Tim Gorski is an American cinematographer, film producer and animal welfare activist, known for his documentaries concerning animal welfare and wildlife conservation, among them the piece How I Became an Elephant (2012), which has received awards and favorable reviews in the media, and his earlier piece Lolita: Slave to Entertainment (2003). Gorski's filmography is visible online.

== Works ==

=== Films ===
- Lolita: Slave to Entertainment (2003), directed by Gorski, this a 56 min documentary narrates how, "in the summer of 1970 a barbaric hunt kills five orca whales and destroys the lives of countless others. Six young orcas are ripped away from their family, sold to marine parks, and shipped across the world to enter into a life of slavery. Three decades later only one survives. And she just so happens to be Miami's biggest performer: Lolita." Publicized in the context of public gatherings demanding freedom of the whale from its seaquarium captivity, the film has been cited as an example of the extent to which documentaries can contribute to change certain realities.

- At the Edge of the World (2008), under the direction Dan Stone and with Gorski's participation as a producer and cinematographer, this 90min documentary chronicles the 2006 campaign by the non-profit Sea Shepherd Conservation Society against a Japanese whaling fleet in the Antarctic. Premiered with success at the Toronto International Film Festival, the movie was lauded at the Monaco International Film Festival 2008, the Woodstock Film Festival (2008), the Atlanta Film Festival 2009, the Documentary Edge Award 2010, and the LA Femme Filmmaker Award in 2012. The documentary has been said to constitute an intrepid record of modern-day piracy.

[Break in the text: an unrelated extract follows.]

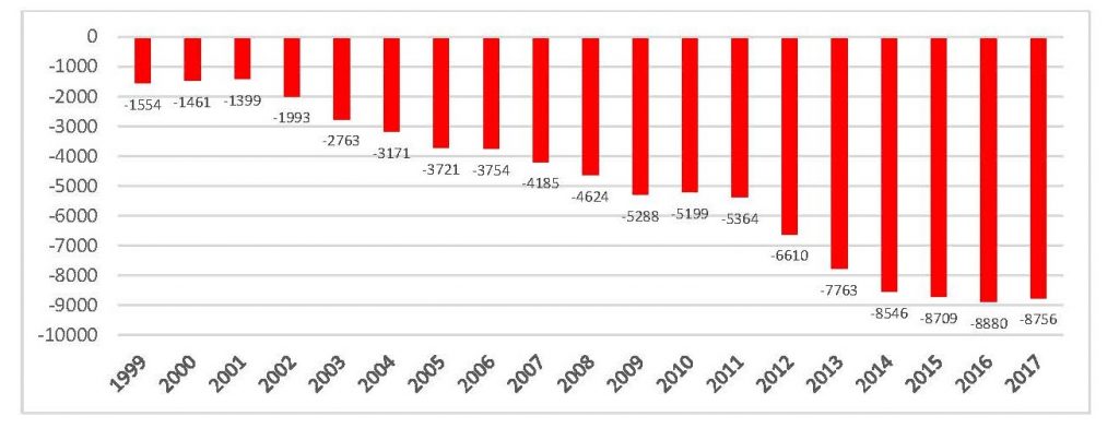 Απολογισμός: Συνολικές απώλειες 73605 ευρώ το 2017 σε σχέση με το 1999 από την πτώση του κατά κεφαλήν εισοδήματος και και 4,325 τρισεκατομμυρίων ευρώ σε επίπεδο ΑΕΠ. Κατά τη έκφραση των ίδιων των μελετητών, “Σε καμμία άλλη χώρα απ’ όσες εξετάστηκαν το ευρώ δεν οδήγησε σε τόσο μεγάλη απώλεια ευημερίας όπως στην Ιταλία…”

- How I became an Elephant (2012), a 1h:22min documentary describing the way a sensitive teen-age girl from California joins efforts with an animal activist lady in Thailand to raise awareness against the systematic mistreatment of elephants in the tourist and logging industries, by actions that include developing a clay-elephant art project. The film has been considered an enlightening journey of compassion, action and hope, and deserved multiple awards including the 2012 Femme International Film Festival (Best Documentary Winner), the 2013 Mostra Animals Film Festival (Audience Tribute), and the 2013 Jackson Hole Wildlife Film Festival (Best Children's Program)

=== Other ===
Gorski is also known for his involvement in animal rescue and relief operations in remote regions of the world, including Taiwan, where he worked as the CEO of a non-profit organization acting in the field. His ventures have been reviewed in Ted Talk, Wildlife SOS, VoiceAmerica, and specialized blogs. His account as a survivor of the 2004 Indian Ocean earthquake and tsunami in a severely affected area of Thailand was published on The South Florida Sun Sentinel in 2005.